Another complicating aspect of prior art computer-implemented diagnostic approaches has to do with the way in which clinical data are treated. Clinical data, especially subjective symptoms, typically have diverse and non-exclusive qualities. For example, angina pectoris typically is retrosternal, radiating to the neck, jaw, upper extremities; it is oppressive, lasting only a few minutes; it is exertion related and is relieved by nitroglycerine. A number of prior art methods confer values to these qualities, their chronology, and their evolution. This is correct when such qualities are in overwhelming support of a diagnosis. Nevertheless, the algorithmic handling these subjective qualities vastly complicates the diagnostic method, and, under many circumstances, is detrimental rather than beneficial to its overall efficacy.
Still another factor encumbering prior art computer-implemented medical diagnostics is related to the prevalence of diseases. Prevalence statistics are of epidemiological importance. However, it may be harmful to include prevalence values when calculating the probability of a patient having a rare disease. This happens because the small prevalence value for such a rare disease can considerably reduce the probability of the corresponding diagnosis, causing it to be improperly ruled out. If a patient has a disease afflicting only one in a million persons, the probability of that diagnosis would be very small, but for him or her it represents one hundred percent. A perfect program should diagnose every possible disease, including those that are rare. Furthermore, accurate epidemiological information is difficult to obtain because many disease cases remain unreported. Moreover, representing prior probabilities of diseases also introduces considerable mathematical complexity to probabilistic computations and the Bayes formula. In order to manage this complication rare diseases are commonly excluded from the list of candidate diseases for diagnosis. This, once again, has the obvious negative consequence of the system being unable to diagnose patients afflicted with such rare diseases.
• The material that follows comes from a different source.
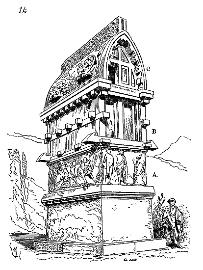 Quant aux édifices romains en pierre d'appareil, il en existe très-peu qui aient été complétement ravalés. Le Colisée, la porte Majeure à Rome, les arènes de Nîmes et d'Arles, celles de Pola, ne présentent que des ravalements incomplets. Il est évident que, la bâtisse achevée, on s'empressait d'enlever les échafaudages, et l'on se souciait peu de terminer les ravalements, ou bien ils étaient faits avec une négligence et une hâte telles, que ces ravalements conservaient une apparence grossière.

Given the numerous limitations of prior art medical diagnostic methods and corresponding computer-based systems, it would be an advance in the art to provide a method and system that embody a more constructive and fruitful approach. Specifically, it is highly desirable to devise a computer-implemented method that can better address the limitations listed above and be a more effective and efficient diagnostic companion for physicians and health care professionals.